For the analysis of large employer plans, we analyzed a sample of medical claims obtained from the 2018 IBM Health Analytics MarketScan Commercial Claims and Encounters Database, which contains claims information provided by large employer plans. We only included claims for people under the age of 65, as people over the age of 65 are typically on Medicare. This analysis used claims for almost 18 million people representing about 22% of the 82 million people in the large group market in 2018. Seventy percent of larger group enrollees who were enrolled for more than six months had at least one prescription drug claim in the year. Weights were applied to match counts in the Current Population Survey for enrollees at firms of 1,000 or more workers by sex, age and state. Weights were trimmed at eight times the interquartile range.
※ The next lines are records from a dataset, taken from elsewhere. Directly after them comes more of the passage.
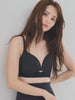 「締め付けは嫌だけど、シルエットは諦めたくない」。そんな声に応えるため、ワイヤーを使わずに美しいバストラインを作る方法を模索しました。立体的なパターン設計と、やさしく支えるソフトパッド。この組み合わせが、自然な丸みを保ちながらストレスフリーな着け心地を叶えます。在宅ワークでもお出かけでも、一日中快適に過ごせる一枚です。
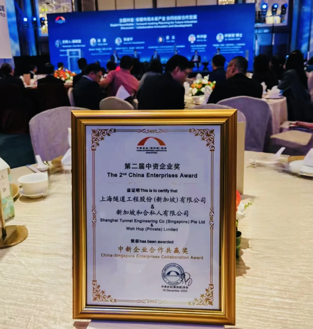隧道股份城建国际在新加坡携手合作伙伴荣获中资企业协会“中资企业奖-中新企业合作共赢奖”
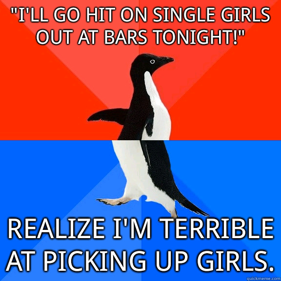 "I'll go hit on single girls out at bars tonight!" Realize I'm terrible at picking up girls.
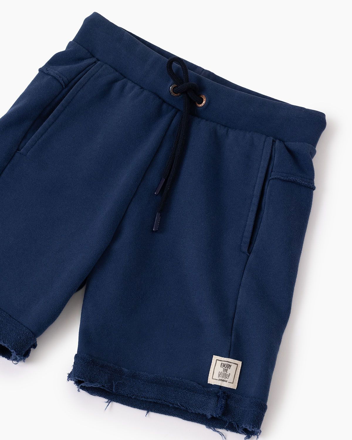 Bermuda con detalles al corte, bolsillos laterales y cintura con elástico interno y cordón. La composición es 100% algodón.
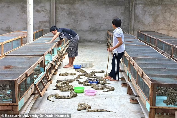 整个研究团队密切研究了东南亚2个蟒蛇养殖场,主要养殖缅甸蟒和网纹蟒,共记录了4600多条蛇一年的监测数据,结果这些数据均表明:蟒蛇非常适合商业化养殖。
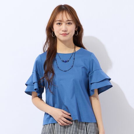 身頃はすっきりとしたデザインなのでスカートパンツどちらにも合わせやすく、汎用性の高いアイテム。袖のフリルがフェミニンさをプラスしてくれます。
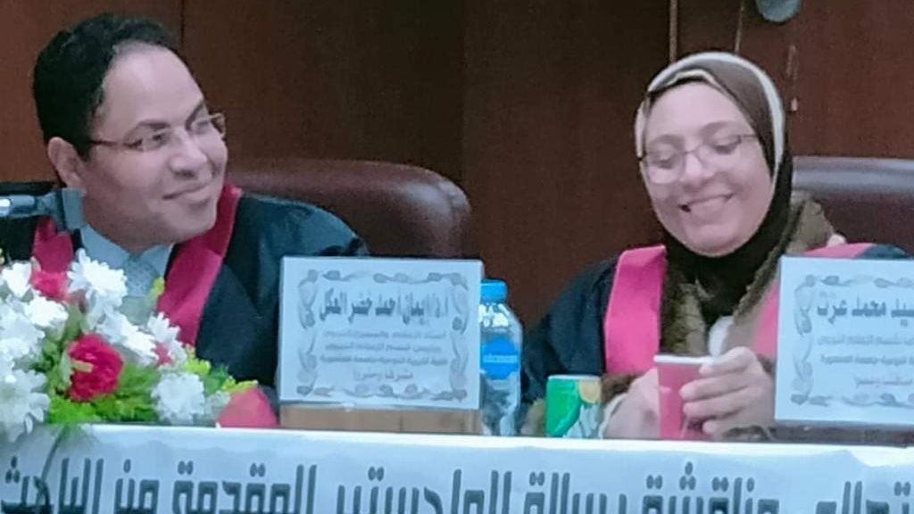 وتكونت لجنة المناقشة والحكم علي الرسالة من كل من، الدكتورة إيمان أحمد خضر أستاذ الإعلام والمسرح التربوي ورئيس قسم الإعلام بكلية التربية النوعية بجامعة المنصورة ,الدكتور السيد محمد عزت أستاذ الدراما بقسم الإعلام التربوى بكلية التربية النوعية بجامعة المنصورة، ,الدكتور عمر فرج أستاذ الدراما والنقد المساعد ورئيس قسم المسرح والدراما بكلية الآداب بجامعة بني سويف، ,الدكتورة أسماء عبد المنعم أبو الفتوح أستاذ الإعلام والمسرح التربوي بقسم الإعلام التربوى بكلية التربية النوعية بجامعة المنصورة.
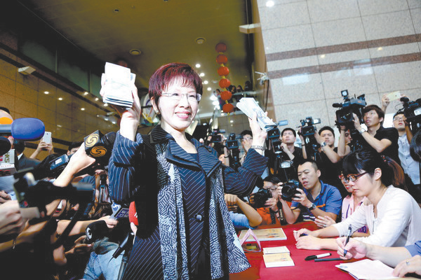 24日,國民黨主席洪秀柱參加“特別黨費勸繳”活動。
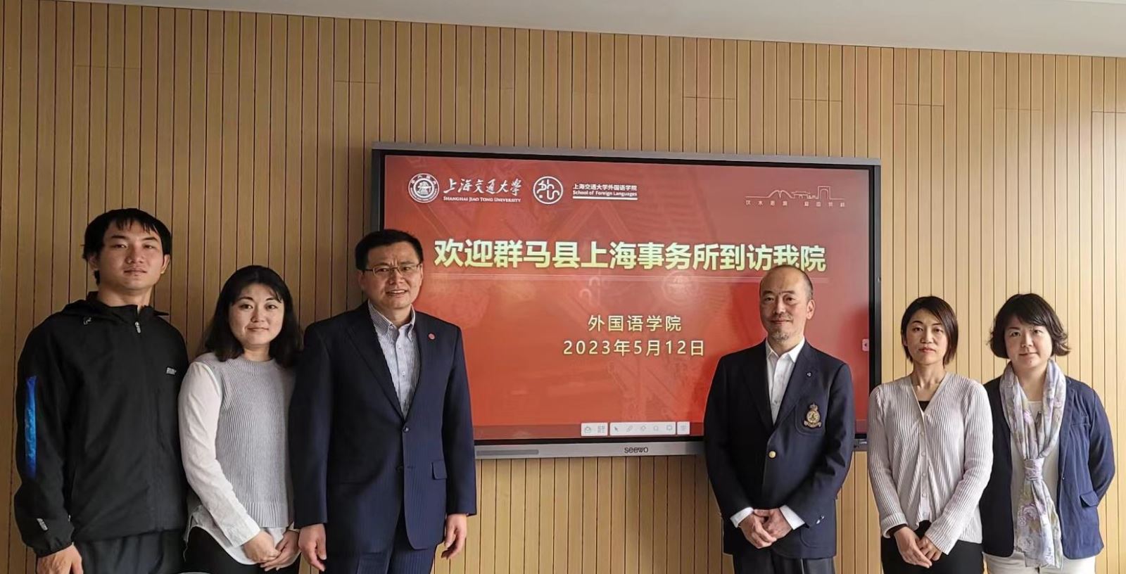 5月12日,日本群马县上海事务所所长土桥彻、副所长中野亚希子、邹艳苗女士到我校best365官方网站登录入口访问交流。best365官方网站登录入口党委书记丁剑、best365官方网站登录入口外事秘书张歆,以及挂靠best365官方网站登录入口的中日桥社团学生代表,原实践部部长李清炀同学,现联席副社长吴宇丰同学一同参会交流。

For the analysis of Medicare Part D, we used the 2018 Medicare Part D prescription drug event (PDE) claims data from the Centers for Medicare & Medicaid Services (CMS) Chronic Conditions Data Warehouse (CCW) for a 20 percent sample of Medicare beneficiaries. The analysis was limited to enrollees who filled a prescription in 2018, which equaled 42.9 million enrollees out of 46.1 million total (93.1%).

For both datasets, MarketScan’s Red Book was used to classify drugs by generic id and the therapeutic/pharmacologic category of the drug product. Drug spending paid for by someone other than an enrollee’s insurer, drugs administered in an inpatient setting, or not classified under the controlled substance act were excluded. Each prescription drug claim was counted as a single prescription regardless of the quantity or strength of that prescription. Drugs were grouped by the generic drug name, which may include multiple brands, but treats combination products separately.

To identify prescriptions filled by a mail-order pharmacy, we used the field indicating the type of pharmacy that filled the prescription. It is not possible to determine the method by which the prescription was subsequently mailed, and thus the totals here reflect prescriptions delivered via the U.S. Postal Service, as well as those delivered by other services, such as FedEx or UPS. In the Part D claims, specialty pharmacy claims are reported separately from mail-order pharmacy claims, although in some cases, specialty pharmacies may ship directly to patients; our analysis does not count these prescriptions as mail order because we are unable to identify them as such.